Questioning Bob Huggins’ Bizarre Substitution Patterns

Morgantown, West Virginia – It’s really hard to understand. A West Virginia player gets hot, is performing above what they typically do, and Bob Huggins shockingly pulls them from the game.

It happens every game. Yesterday, Isaiah Cottrell had his best 5-10 minutes of his young career. He looked confident, he was hitting shots, he was playing aggressively on the defensive side of the ball, and suddenly and seemingly without motive, Bob Huggins benched him.

The very same thing happened with Jalen Bridges. Bridges, who routinely disappears for long stretches of games, was active offensively and looked like the Jalen Bridges we all expected this season. After scoring 9 early points, Huggins sat him down for virtually the remainder of the first half, prompting Bridges’ father to say the following on social media: “JB had a quick 9 points in the first half and he sat the bench. Sorry it had to be said!”

Last season, point guard Jordan McCabe was Huggins’ whipping boy. McCabe, who regressed as a player during his stint with the Mountaineers, was terrified to make a mistake, which led to a major decline in his confidence. The quickness in which Huggins would pull McCabe from the game for a minor mistake became comical last season.

Huggins has won 914 games, is one of the most accomplished coaches in the history of college basketball, and is a future Hall of Fame coach, but he’s done that in spite of his really, really poor, questionable substitution decisions throughout his career.
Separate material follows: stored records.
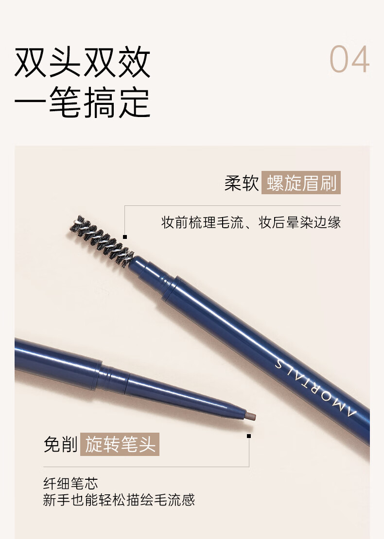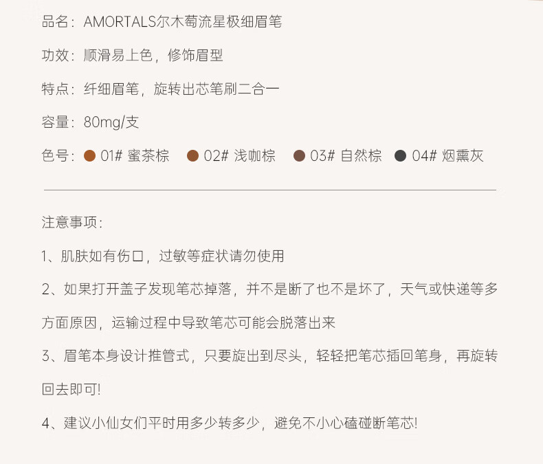 尔木萄(AMORTALS) 流星极细眉笔初学者 #04烟熏灰0.08g( 顺滑不晕妆)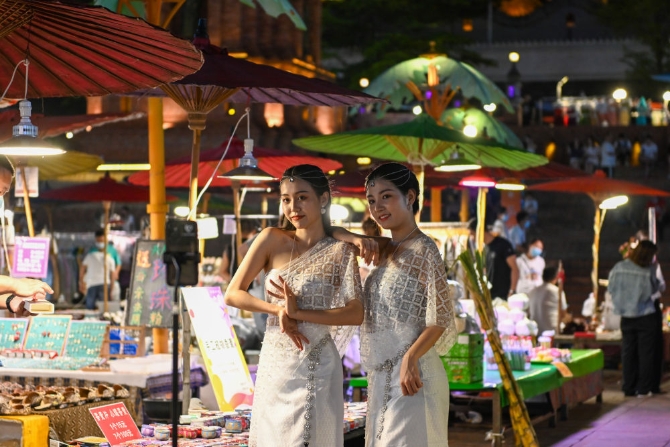 3月17日,游客在西双版纳景洪市告庄西双景的星光夜市游览拍照。(新华社记者 曹梦瑶 摄)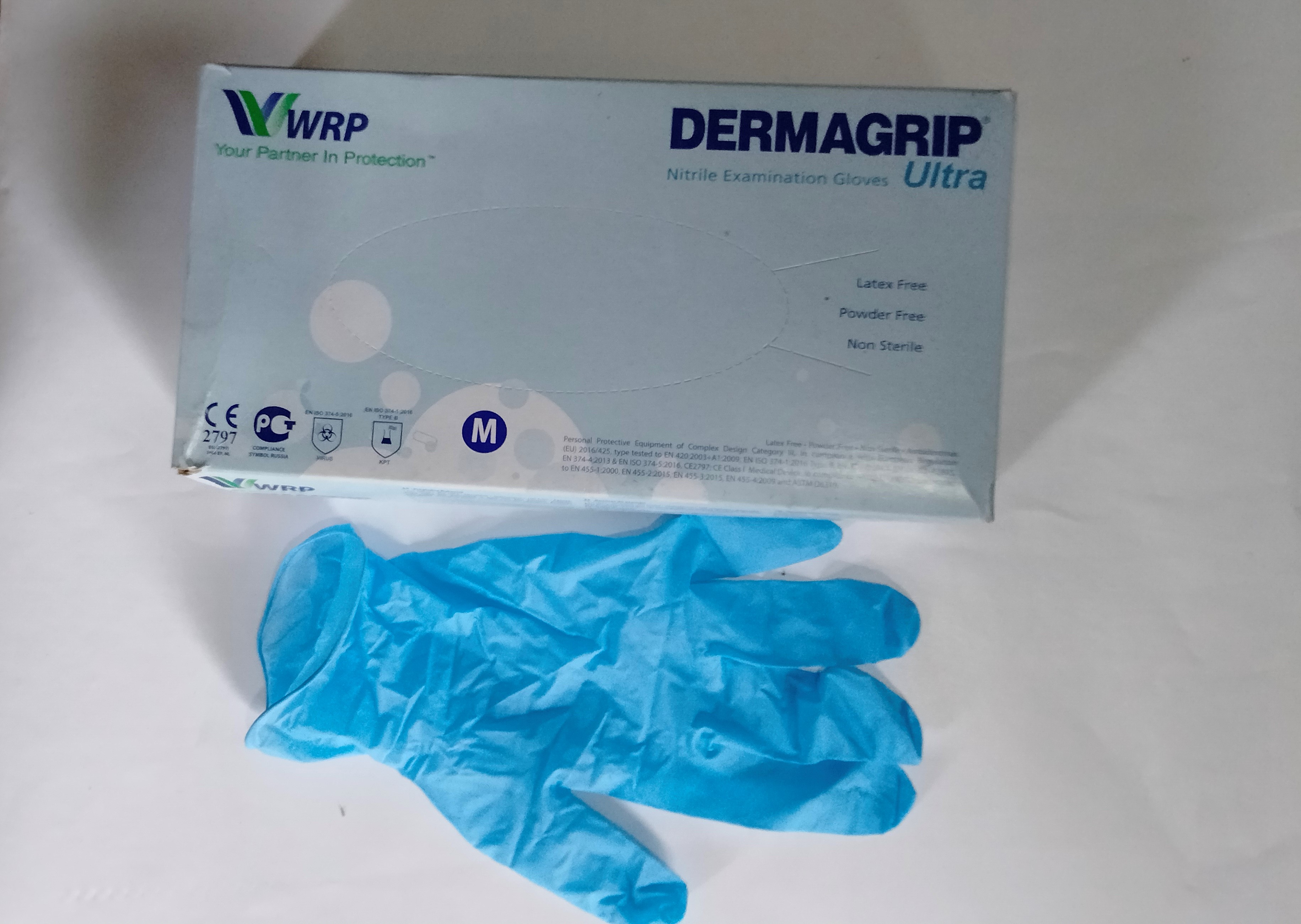 Nitrile Examination Gloves Ultra LT100 gloves per BoxPowder-freeAmbidextrousTextured surface at fingersBeaded cuffBrand DERMAGRIPOrigin Malaysia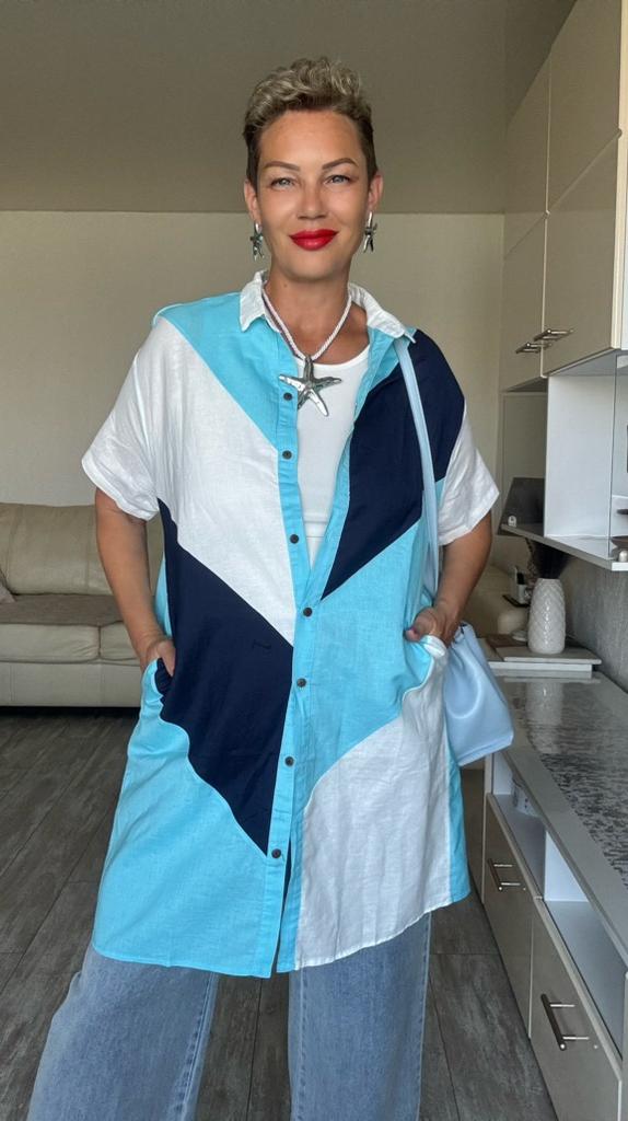 DIMANAF Plus Size Linen Blouse Dress Women 2025 Colorful New Summer Style Shirt O-Neck Loose New

Huggins walks on water in the state of West Virginia and perhaps he’s above being questioned in the eyes of most people in the state, but using his incredible record and accomplishments to justify obviously poor decisions is contemptible.

Following West Virginia’s most recent loss, Huggins finally appeared ready to make a change, saying, “I think maybe we’re playing the wrong people. Maybe we’re starting the wrong guys. That could be true. Maybe we got some guys who shouldn’t be playing at all.”

Unfortunately, Huggins is figuring this out a few months too late.